--- START ---

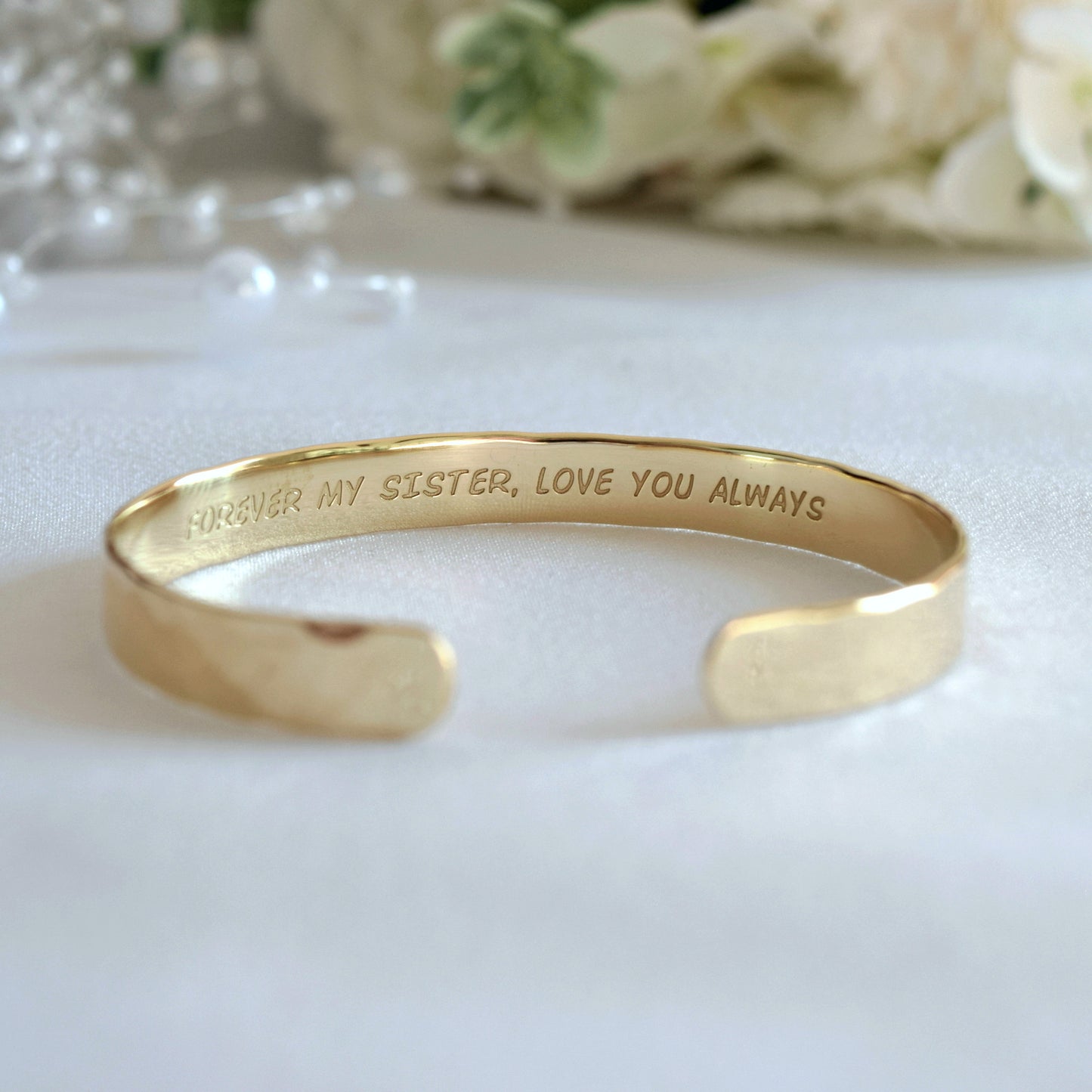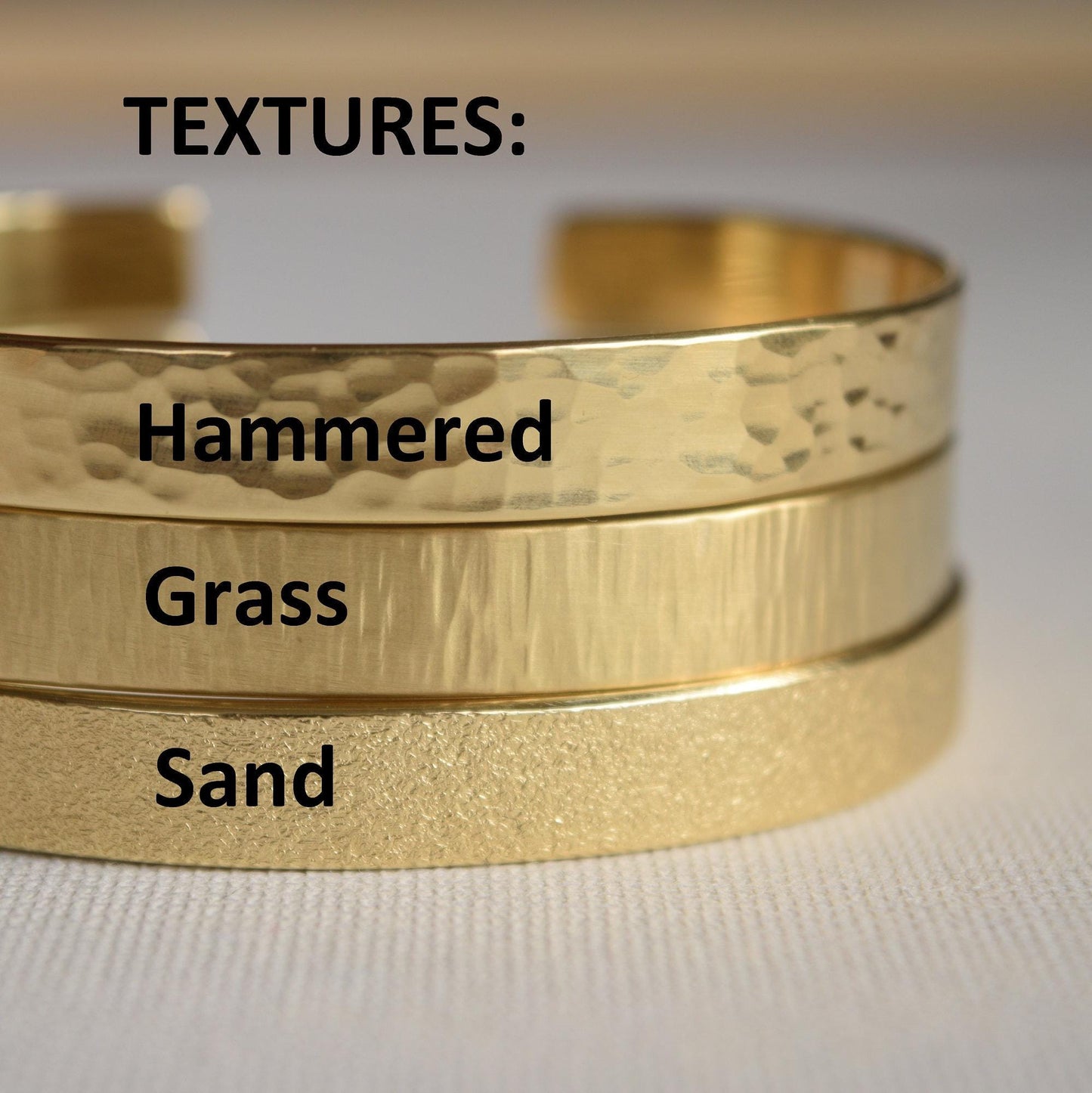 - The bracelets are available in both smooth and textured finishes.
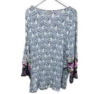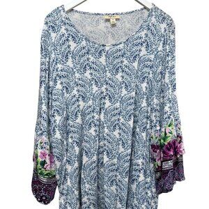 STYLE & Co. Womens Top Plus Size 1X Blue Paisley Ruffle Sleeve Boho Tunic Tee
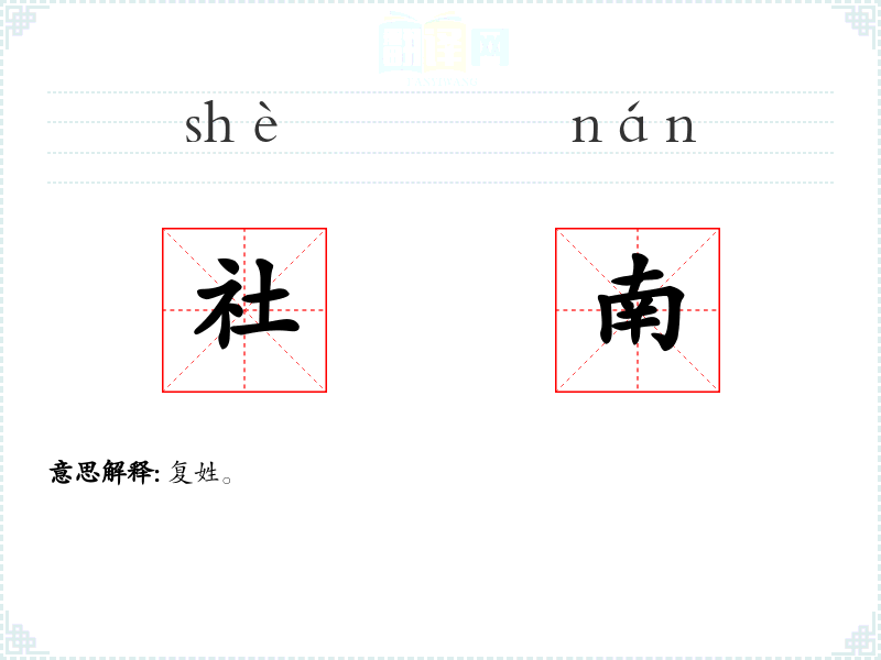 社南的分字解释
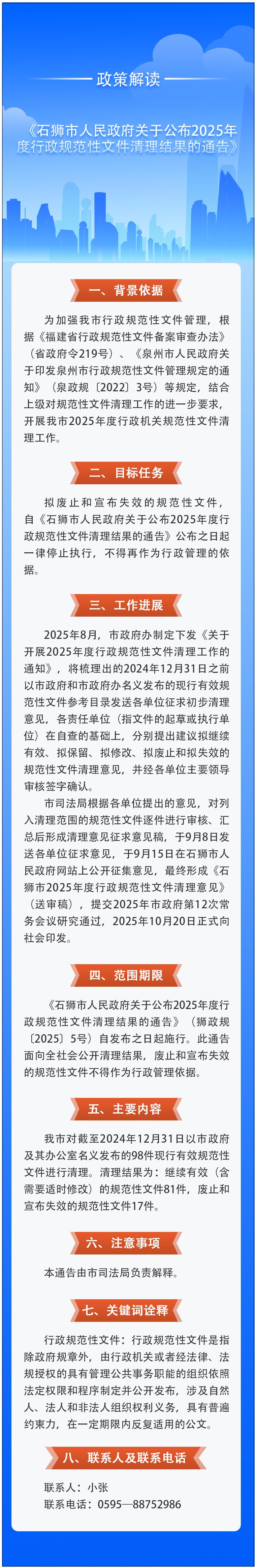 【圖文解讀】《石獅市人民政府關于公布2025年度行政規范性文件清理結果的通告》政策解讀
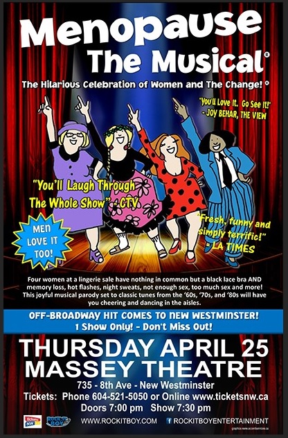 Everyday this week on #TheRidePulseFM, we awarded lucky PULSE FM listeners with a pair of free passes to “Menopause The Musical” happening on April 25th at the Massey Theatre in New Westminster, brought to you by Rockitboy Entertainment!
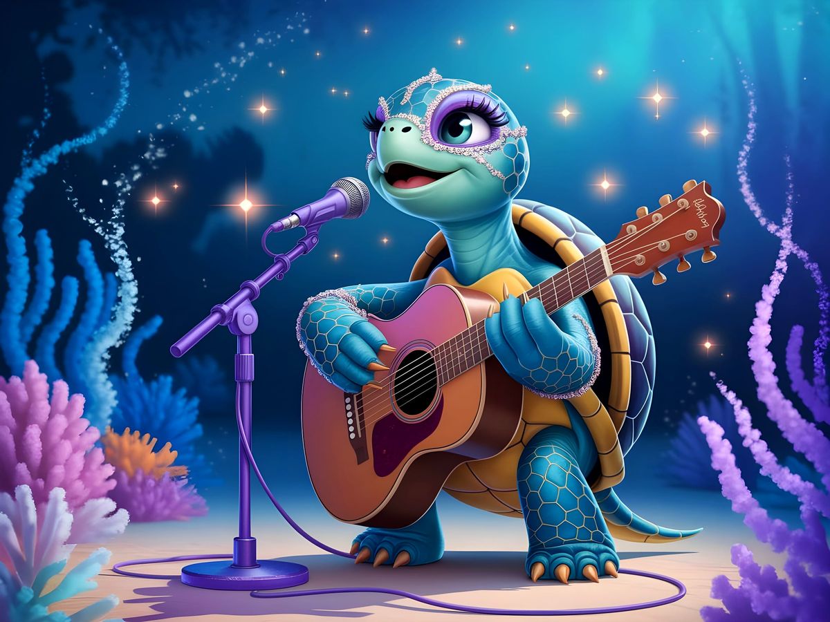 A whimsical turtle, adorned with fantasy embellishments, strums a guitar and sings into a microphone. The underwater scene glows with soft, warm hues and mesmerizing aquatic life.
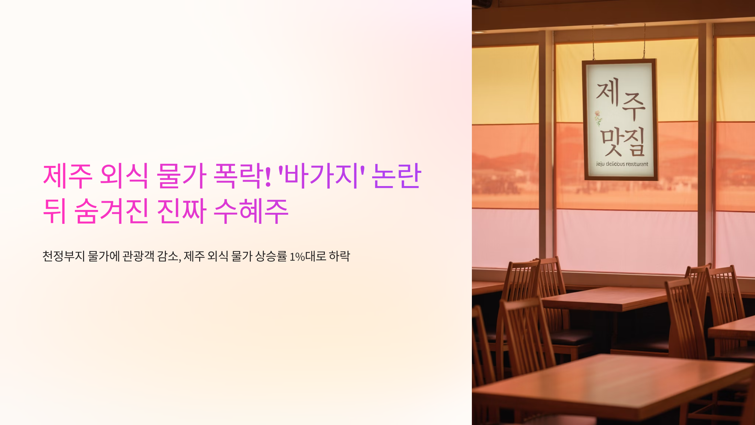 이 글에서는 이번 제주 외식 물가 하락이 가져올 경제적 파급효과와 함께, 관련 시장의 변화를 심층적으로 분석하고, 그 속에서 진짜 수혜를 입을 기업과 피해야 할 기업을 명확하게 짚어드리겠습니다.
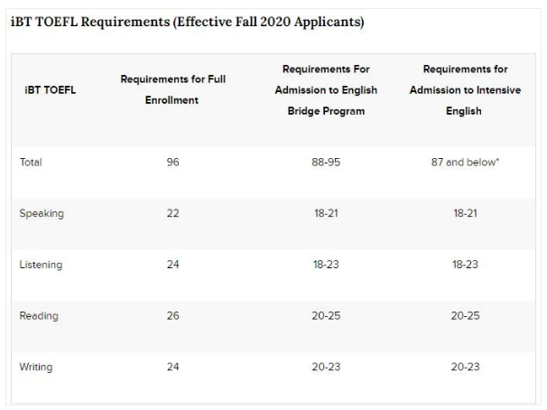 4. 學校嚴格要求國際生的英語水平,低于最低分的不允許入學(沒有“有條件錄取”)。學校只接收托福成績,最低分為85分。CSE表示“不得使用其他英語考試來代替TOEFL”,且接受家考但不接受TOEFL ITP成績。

--- END ---

**WHAT YOU SHOULD DO**: Apart from the pictures, all of the data must be duplicated exactly as shown above.

**RESPONSE TO THIS EXERCISE**:
 - The bracelets are available in both smooth and textured finishes.
 STYLE & Co. Womens Top Plus Size 1X Blue Paisley Ruffle Sleeve Boho Tunic Tee
 社南的分字解释
 【圖文解讀】《石獅市人民政府關于公布2025年度行政規范性文件清理結果的通告》政策解讀
 Everyday this week on #TheRidePulseFM, we awarded lucky PULSE FM listeners with a pair of free passes to “Menopause The Musical” happening on April 25th at the Massey Theatre in New Westminster, brought to you by Rockitboy Entertainment!
 A whimsical turtle, adorned with fantasy embellishments, strums a guitar and sings into a microphone. The underwater scene glows with soft, warm hues and mesmerizing aquatic life.
 이 글에서는 이번 제주 외식 물가 하락이 가져올 경제적 파급효과와 함께, 관련 시장의 변화를 심층적으로 분석하고, 그 속에서 진짜 수혜를 입을 기업과 피해야 할 기업을 명확하게 짚어드리겠습니다.
 4. 學校嚴格要求國際生的英語水平,低于最低分的不允許入學(沒有“有條件錄取”)。學校只接收托福成績,最低分為85分。CSE表示“不得使用其他英語考試來代替TOEFL”,且接受家考但不接受TOEFL ITP成績。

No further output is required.